Code Language Code Language Code Language
en English de German fr French
es Spanish it Italian pt Portuguese
nl Dutch ru Russian sv Swedish
no Norwegian da Danish fi Finnish
hu Hungarian tr Turkish pl Polish
ar Arabic zh Chinese ja Japanese

Usage

Pass the language code to the language parameter in any API:

from rapid_textrank import extract_keywords

# English (default)
phrases = extract_keywords(text, language="en")

# German
phrases = extract_keywords(german_text, language="de")

# Chinese
phrases = extract_keywords(chinese_text, language="zh")

With extractor classes:

from rapid_textrank import BaseTextRank

extractor = BaseTextRank(top_n=10, language="fr")
result = extractor.extract_keywords(french_text)

With TextRankConfig:

from rapid_textrank import TextRankConfig, BaseTextRank

config = TextRankConfig(language="ja")
extractor = BaseTextRank(config=config)

In the JSON interface:

{
    "tokens": [ ... ],
    "config": {
        "language": "es"
    }
}

Inspecting Stopwords

You can retrieve the built-in stopword list for any supported language:

import rapid_textrank as rt

stopwords = rt.get_stopwords("en")
print(f"English stopwords: {len(stopwords)} words")
print(stopwords[:10])

stopwords_de = rt.get_stopwords("de")
print(f"German stopwords: {len(stopwords_de)} words")

Extending Stopwords

The built-in lists can be extended with domain-specific terms using the stopwords parameter. These additional words are merged with the built-in list, not used as a replacement.

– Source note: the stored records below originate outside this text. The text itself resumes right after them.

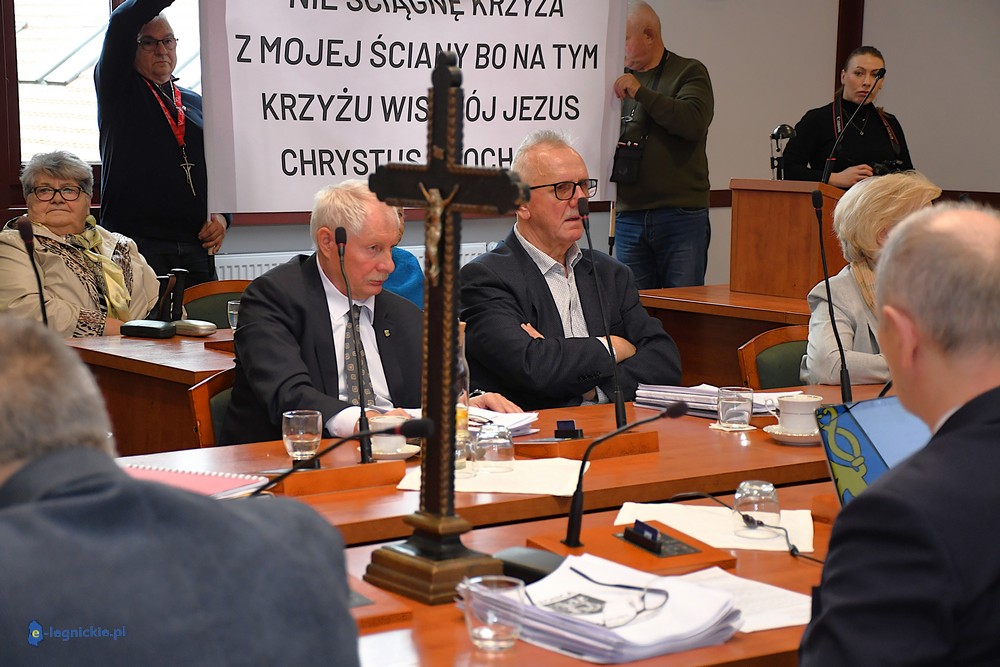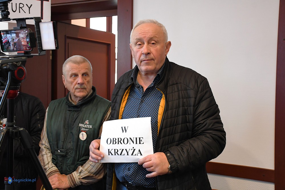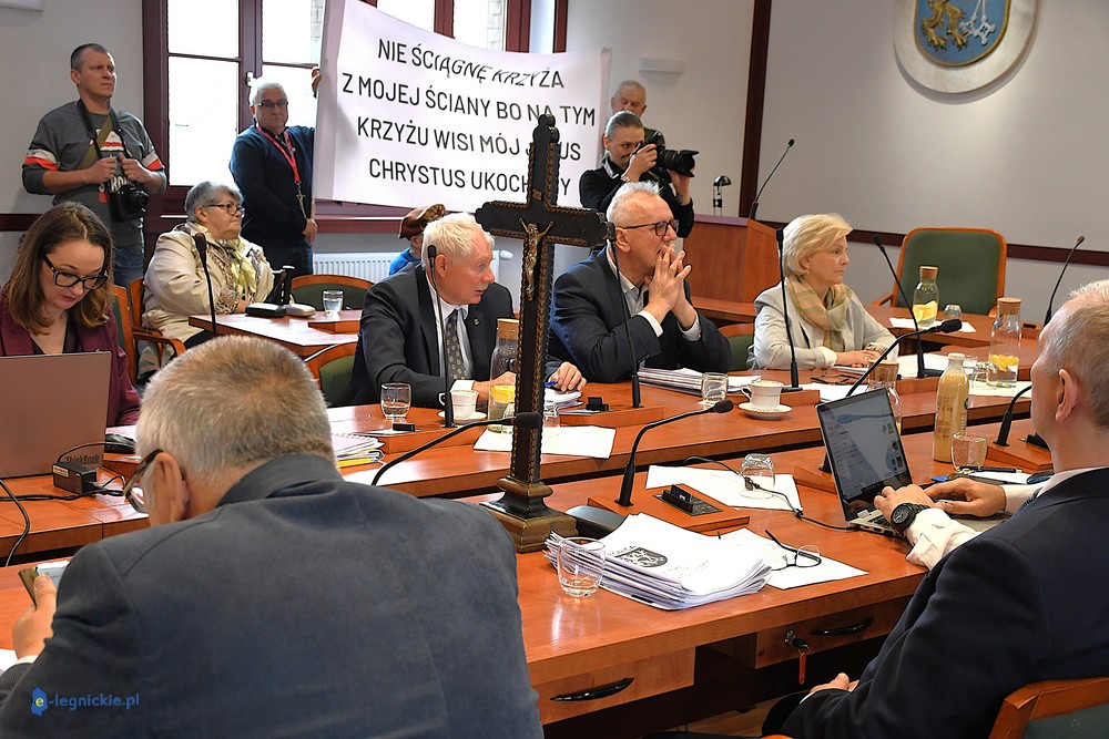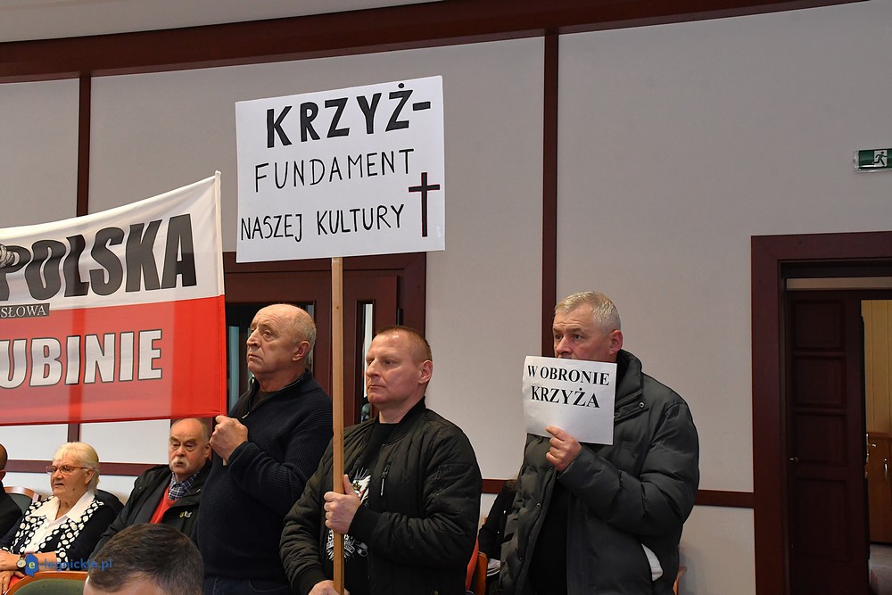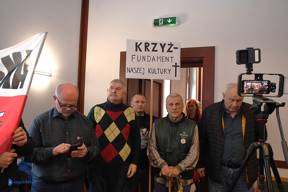 Na sesji radny Adam Wierzbicki (PiS) przyszedł z ogromnym krucyfiksem i ustawił go na stole prezydialnym. Zapowiedział, że będzie go przynosił na każdą sesję, co obrońcy krzyża powitali oklaskami. - To nasz protest przeciwko arbitralnej decyzji prezydenta Macieja Kupaja, który usunął z sali obrad krzyż powieszony tam przed ponad 20 laty.
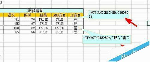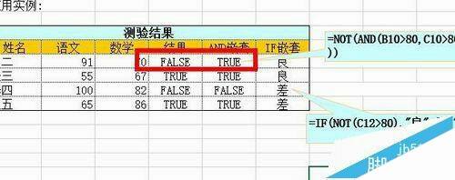 5、在如图示的案例中,我们使用NOT函数计算AND函数或OR函数的结果的反结果。
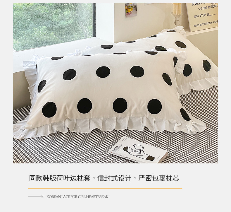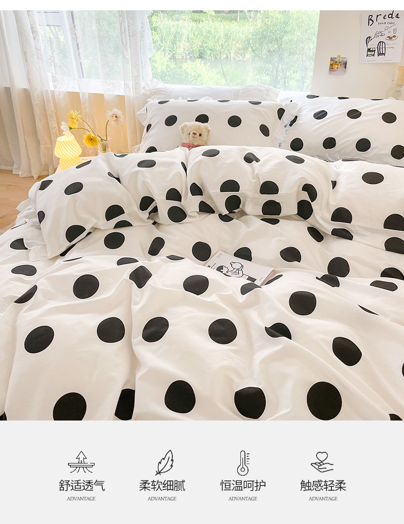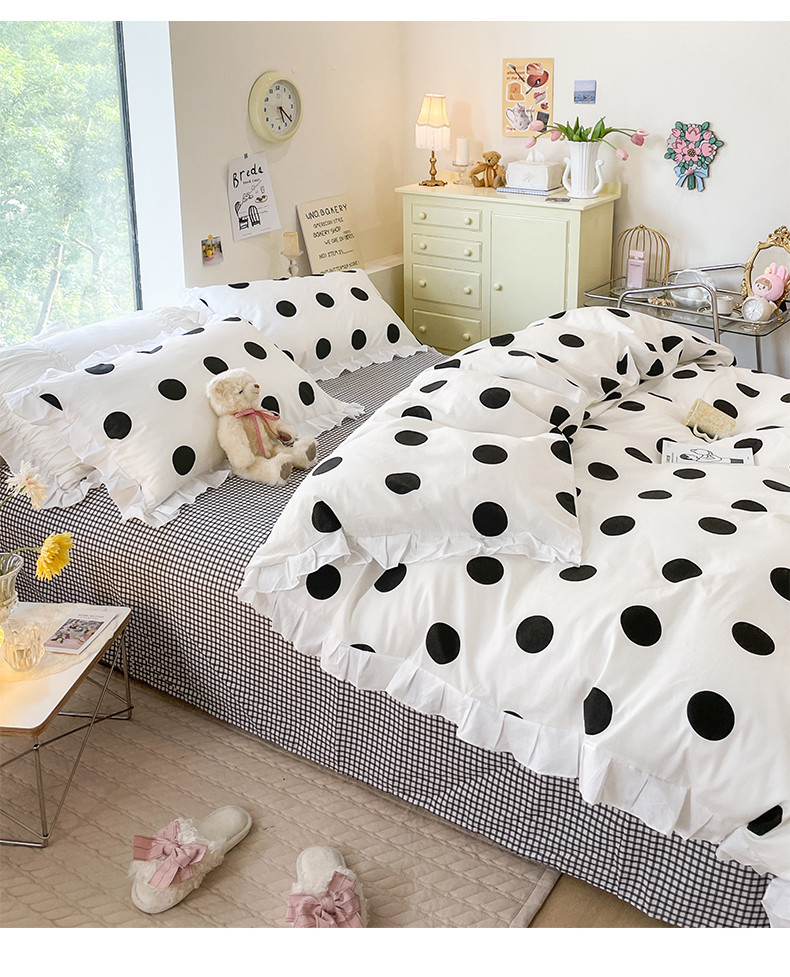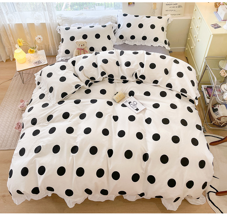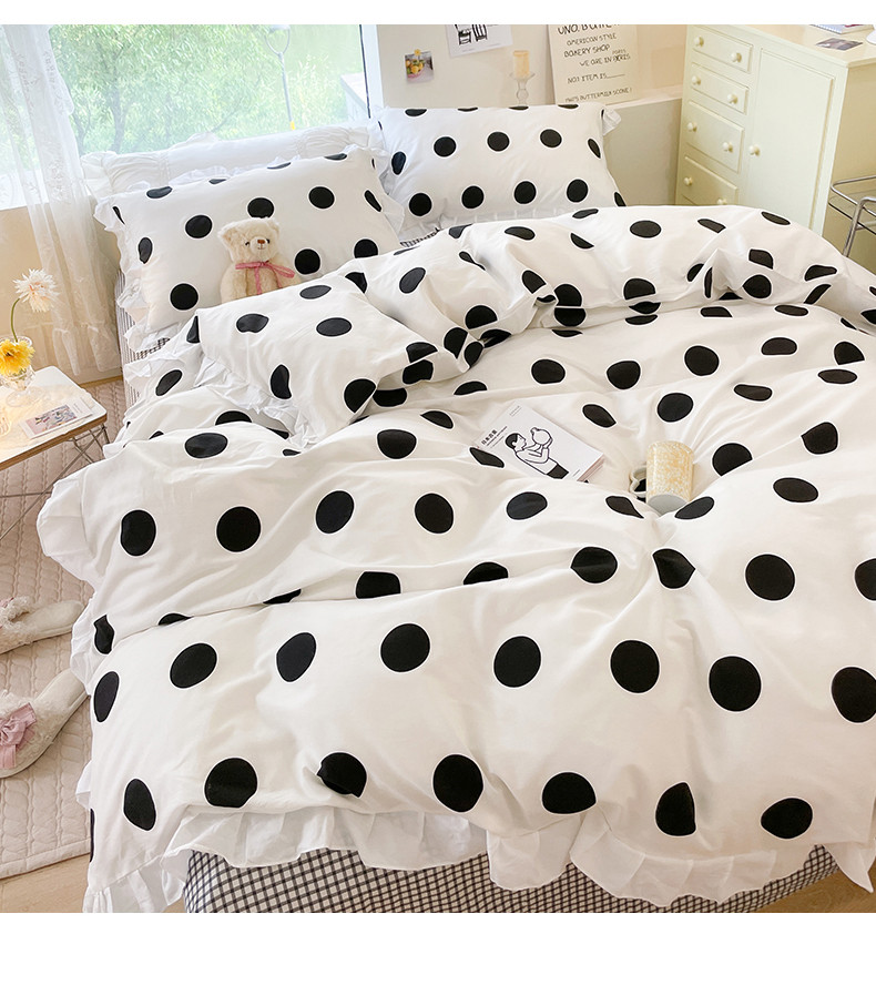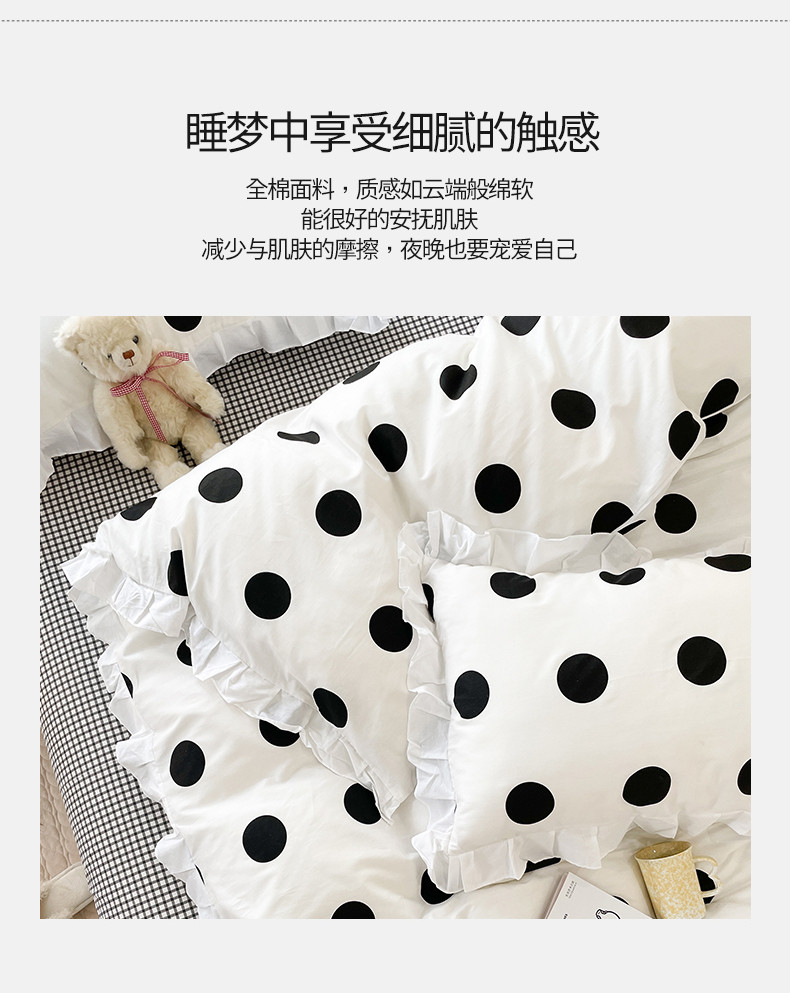 桃子 2023新款仙气奶油碎花少女心韩版花边纯棉四件套 花边-波点
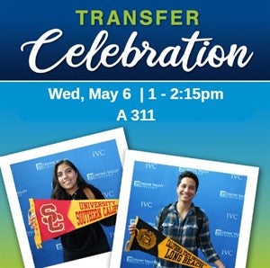 Join us at the Transfer Celebration to celebrate the hard work you have accomplished with IVC administrators, IVC alumni, university representatives and your fellow classmates! Delicious food provided by Fiesta Gourmet. Limited seating available! If interested, please RSVP by May 1.

from rapid_textrank import TextRankConfig, BaseTextRank

config = TextRankConfig(
    language="en",
    stopwords=["data", "system", "model"],  # added to built-in English stopwords
)

extractor = BaseTextRank(config=config)

In the JSON interface, the same applies via config.stopwords:

{
    "tokens": [ ... ],
    "config": {
        "language": "en",
        "stopwords": ["data", "system", "model"]
    }
}